Екатерина Губанова в «Золоте Рейна», Берлинская опера, 2010© Getty Images
— А вы этим летом должны были наконец спеть в Байройте «Тангейзера» (прошлым летом незадолго до премьеры Екатерина Губанова повредила ногу, ее срочно заменила в партии Венеры Елена Жидкова. — Ред.). И опять не получается. Что говорят — будет он еще?
— Да ужас! Какой-то злой рок! Говорят, он теперь будет в 2021 году. Хотя изначально он на 2021-й не планировался — только на 2022-й. Но никакой официальной информации пока нет. Сейчас огромная лавина отмен покатилась, так что надо подождать. Везение наше с «Тангейзером» в том, что постановка имела в прошлом году большой успех, она интересная и прекрасная, поэтому ее не хотят просто так отменять, ее двигают. Когда-нибудь я это спою обязательно! Могу сказать, что сейчас отмену «Золота Рейна» я даже как-то легче пережила. А тогда из-за этой истории с ногой было очень тяжело. Может, еще потому, что я тогда совершенно неожиданно выпрыгнула из репетиций — вчера было, а сегодня уже нет и больше не будет. А сейчас с короной, в принципе, к этому все шло.

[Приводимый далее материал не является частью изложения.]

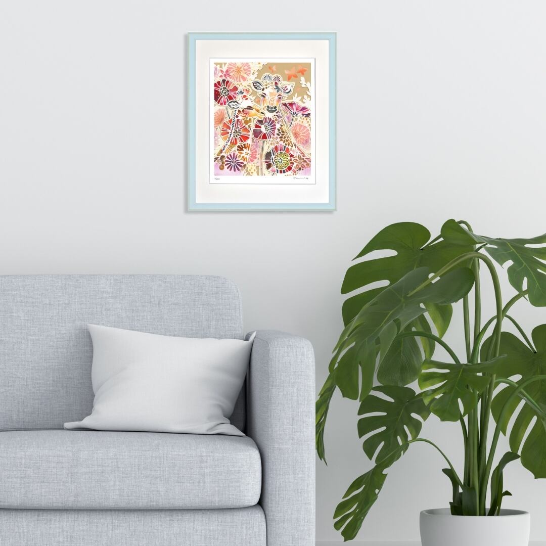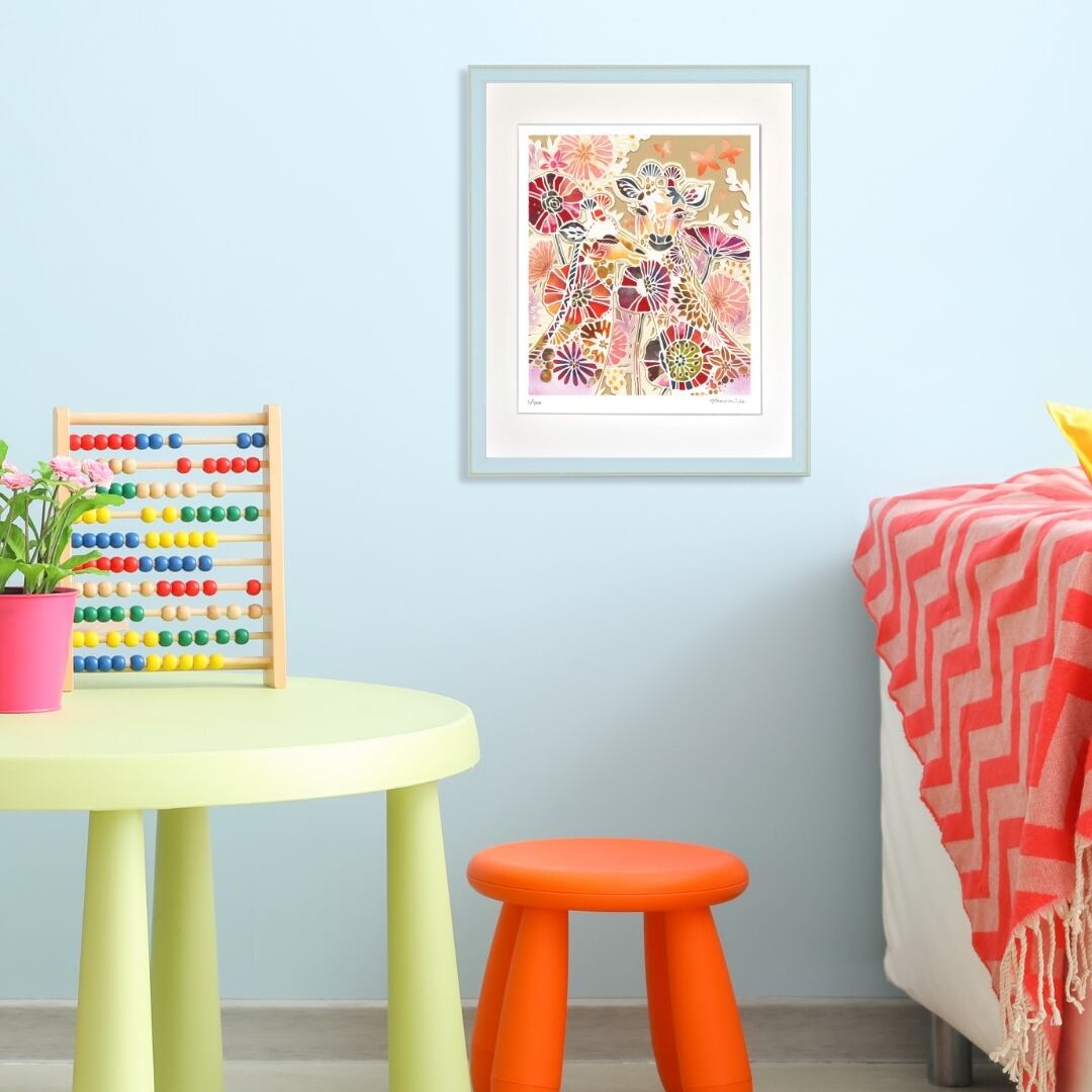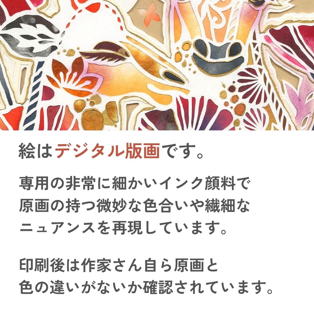 本作はインテリアアートとして空間を華やかに彩う一枚。額縁付きの仕様なのでそのまま壁に掛けられ、日常に特別なアクセントを添えてくれます。動物と花のイラストが調和するこのアートは、穏やかな癒しと鮮やかな華やかさを同時に届けてくれる存在。柔らかな色彩が広がり、空間全体をやさしく包み込むことで、心地よい雰囲気を演出してくれるでしょう。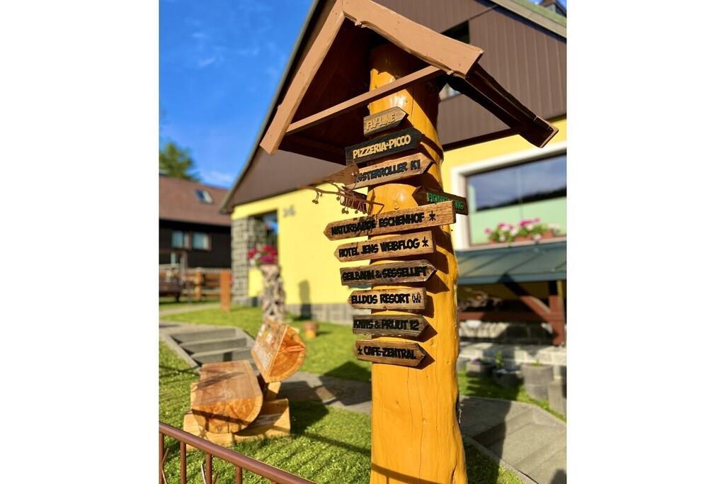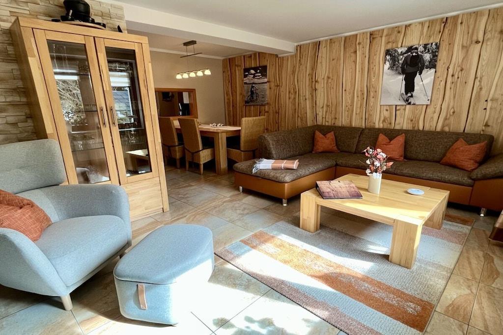 Right on the ski and toboggan slope. Best location in the Oberwiesenthal spa town. View from the sun terrace directly onto the Fichtelberg
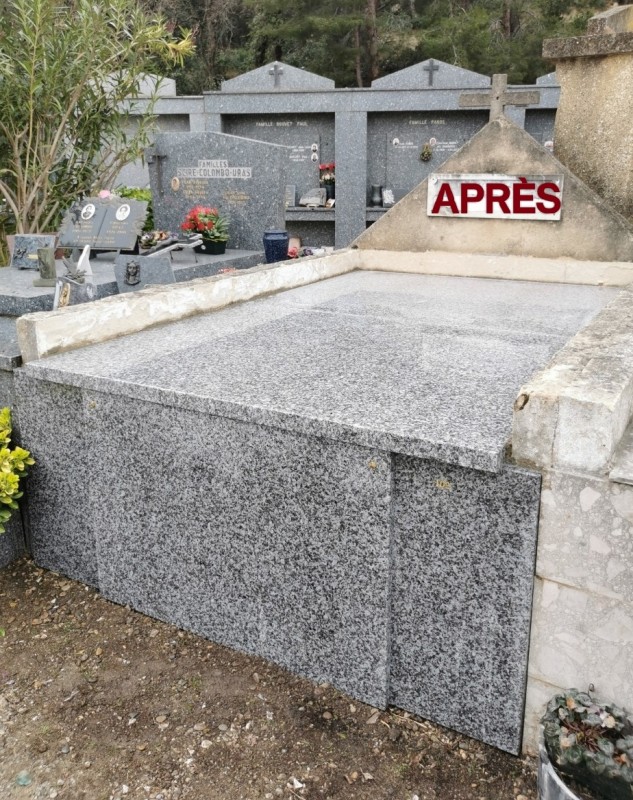 HOMMAGE Funéraire intervient pour la remise en état des monuments funéraires et pierres tombales, en pierre ou en granit (réparations, redressement de monuments funéraires, réparation de stèles funéraires ou encore d'articles funéraires..).

— Как нынешняя ситуация выглядит с финансовой точки зрения? Вам возместили убытки или просто сослались на форс-мажорные обстоятельства?

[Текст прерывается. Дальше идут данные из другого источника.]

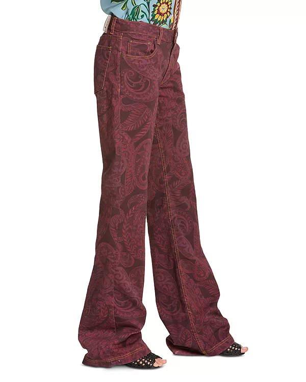Джинсы-Клеш с бордовым принтом Etro, красный 50 101₽
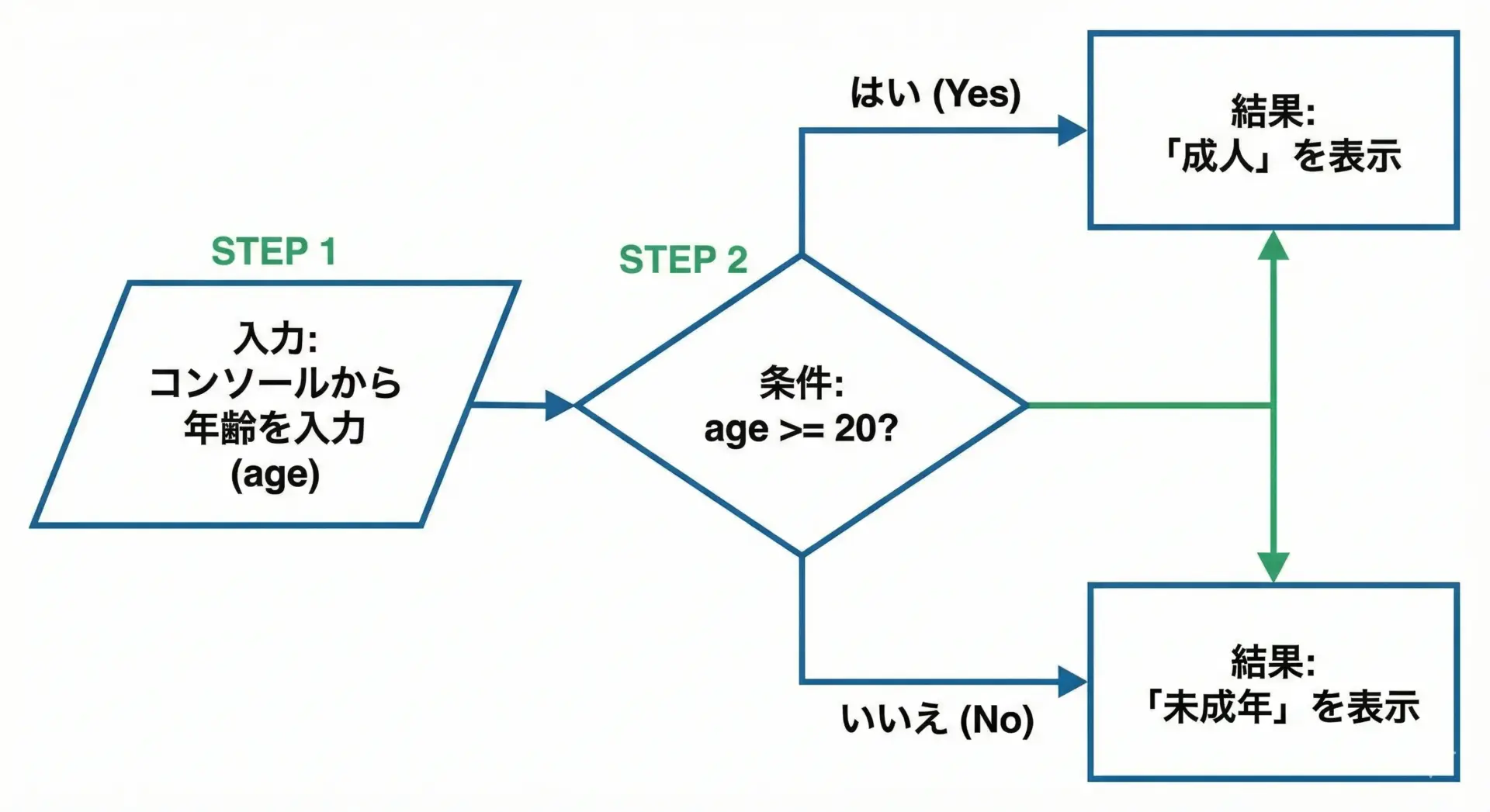 以下は、年齢を入力して成人かどうかを判定する例です。

— Надо сказать, что Бастилия пришла к довольно гуманному соглашению с нами, певцами. По крайней мере, жилье и полеты нам оплатят и даже немного денег дадут. Конечно, это нельзя сравнить с теми деньгами, которые бы мы получили, спев все спектакли. Но и в минусе никто не остался. Мы во время репетиций создали в Вотсапе группу из солистов. А потом она нам пригодилась, чтобы наблюдать, что происходит из-за отмены. Обменивались информацией, что в других странах. Английская национальная опера, например, заплатила солистам вообще все. Ну, здорово, конечно! Но, с другой стороны, бедный-несчастный Париж весь в забастовках! Сколько они наотменяли спектаклей в этом сезоне, сколько потеряли денег! Я не ждала, что нам хоть что-то заплатят. Так что я им благодарна.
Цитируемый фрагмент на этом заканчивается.